La parola metafisica, coniata probabilmente da un peripatetico anteriore ad Andronico, deriva dall'ordinamento degli scritti aristotelici, nel quale i li­bri di filosofia capitarono «dopo la fisica»; ma esprime anche il motivo fon­damentale della «filosofia prima» di Aristotele, la quale muove alla considerazione della sostanza immobile, partendo dalle apparenze sensibili ed è dominata dalla preoccupazione di «salvare i fenomeni». Quello studio del mon­do naturale che per Platone appartiene alla sfera dell'opinione e non esce dal limite dei «ragionamenti probabili», per Aristotele è invece una scienza nel pieno e rigoroso significato del termine. Per Aristotele non c'è nella natura nulla di così insignificante, di così trascurabile che non valga la pena di essere studiato e non sia fonte di soddisfazione e di gioia per il ricercatore.

«Le sostanze inferiori — egli dice (Sulle parti degli anim.. I, 5, 645 a, 1 sgg.) — essendo più e meglio accessibili alla conoscenza, vengono ad avere il sopravvento nel campo scientifico; e poiché sono più vicine a noi e più conformi alla nostra natura, la scienza di esse finisce per essere equivalente alla filosofia che studia le sostanze divine... Infatti anche nel caso di quelle meno favorite dal punto di vista dell'apparenza sensibile, la natura che le ha prodotte da gioie indicibili a coloro che, considerandole scientificamente, sanno comprenderne le cause e sono per loro natura filosofi... Si deve inoltre tener presente che chi discute di una qualsiasi parte, o elemento della realtà, non considera il suo aspetto materiale, ne ha interesse per questo, bensì mira alla forma nella sua totalità. Quel che importa è la casa, non i mattoni, la calce e le travi: cosi nello studio della natura, quel che interessa è la sostanza totale di un essere determinato e non le sue parti che, separate dalle sostanze che entrano a costituirle, neppure esistono».

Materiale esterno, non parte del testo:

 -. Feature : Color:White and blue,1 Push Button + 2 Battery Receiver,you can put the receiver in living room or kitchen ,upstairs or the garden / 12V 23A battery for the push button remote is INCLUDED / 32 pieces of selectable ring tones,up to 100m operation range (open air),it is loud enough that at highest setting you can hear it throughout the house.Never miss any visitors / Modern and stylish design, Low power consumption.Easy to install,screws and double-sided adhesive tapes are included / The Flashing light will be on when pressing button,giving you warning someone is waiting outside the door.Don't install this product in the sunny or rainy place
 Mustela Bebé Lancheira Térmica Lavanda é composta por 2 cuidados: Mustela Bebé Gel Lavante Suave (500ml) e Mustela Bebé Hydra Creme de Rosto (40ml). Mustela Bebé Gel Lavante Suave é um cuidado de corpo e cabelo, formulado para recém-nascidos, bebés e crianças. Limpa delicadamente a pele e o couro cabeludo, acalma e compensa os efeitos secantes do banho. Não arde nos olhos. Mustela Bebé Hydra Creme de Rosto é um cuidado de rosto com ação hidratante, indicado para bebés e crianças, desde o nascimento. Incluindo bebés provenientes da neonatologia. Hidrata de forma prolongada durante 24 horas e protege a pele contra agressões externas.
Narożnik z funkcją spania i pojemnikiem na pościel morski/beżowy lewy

Queste parole, che si può dire costituiscano il programma scientifico di Aristotele, trovano la loro giustificazione nella teoria della sostanza, che è il centro della sua metafisica. Que­sta teoria ha infatti dimostrato che ogni essere ha, nella sostanza che lo costituisce, il principio o la causa della sua necessità. Ogni essere ha dunque, in quanto tale, il suo proprio valore e, pur che si consideri in esso ciò che ap­punto lo fa essere, cioè la forma totale o sostanza, è degno di considerazione e di studio e può esser oggetto di scienza. Perciò Aristotele avverte nel passo riportato di guardare alla forma e non alla materia, alla totalità, in cui si at­tua la sostanza, e non alle parti.

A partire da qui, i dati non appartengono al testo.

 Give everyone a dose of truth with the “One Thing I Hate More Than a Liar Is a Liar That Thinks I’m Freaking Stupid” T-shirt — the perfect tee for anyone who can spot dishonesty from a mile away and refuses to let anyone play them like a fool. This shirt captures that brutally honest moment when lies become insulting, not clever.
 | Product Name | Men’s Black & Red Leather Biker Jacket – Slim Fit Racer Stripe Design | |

Conformemente al programma che le sue ultime e più mature ricerche metafisiche avevano speculativamente giustificato, l'attività scientifica di Aristotele si volse sempre di più alle ricerche particolari. Egli rivolse soprattutto la sua attenzione al mondo animale, come risulta dai numerosi scritti di storia naturale che ci rimangono; ma si può dire che nessun campo dell'indagine empirica gli era estraneo, perché egli preparava nello stesso tempo la silloge delle 158 costituzioni politiche e si dava ad altre ricerche erudite, come la compilazione del catalogo dei vincitori dei giochi pitici.

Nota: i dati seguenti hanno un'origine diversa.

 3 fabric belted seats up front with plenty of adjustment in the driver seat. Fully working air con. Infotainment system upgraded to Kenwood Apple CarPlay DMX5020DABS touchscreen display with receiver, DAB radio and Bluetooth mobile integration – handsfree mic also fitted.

Ma di tutte le vaste indagini naturalistiche di Aristotele, che come tali esulano dal campo della filosofìa, non è possibile qui far cenno. Sappiamo già che la fisica è per lui una scienza teoretica, accanto alla matematica e alla filosofìa prima. Il suo oggetto è l’essere in movimento, costituito dalle due so­stanze che sono dotate di movimento, quella generabile e corruttibile che forma i corpi sublunari e quella ingenerabile ed incorruttibile che forma i corpi celesti.

Il movimento è, secondo Aristotele, il passaggio dalla potenza all'atto ed ha quindi sempre un fine (telos), che è la forma o specie che esso tende a realizzare. Poiché l'atto come sostanza precede sempre la potenza, ogni movi­mento presuppone già in atto la forma che è il suo termine finale. Aristotele ammette quattro tipi fondamentali di movimento:

1)      il movimento sostanziale, cioè la generazione e la corruzione;

2)      il movimento qualitativo, cioè il mutamento o l'alterazione;

3)      il movimento quantitativo, cioè l'aumento e la diminuzione;

4)      il movimento locale, cioè il movimento propriamente detto.

Quest'ultimo tuttavia è, secondo Aristotele, il movimento fondamentale a cui tutti gli altri si riducono; difatti l'aumento e la diminuzione sono dovuti all'afflusso o all'allontanamento d'una certa materia; il mutamento, la gene­razione e la corruzione suppongono il riunirsi in un dato luogo, o il separarsi, di determinati elementi. Sicché soltanto il movimento locale, cioè il cambia­mento di luogo, è il movimento fondamentale che consente di distinguere e di classificare le varie sostanze fisiche.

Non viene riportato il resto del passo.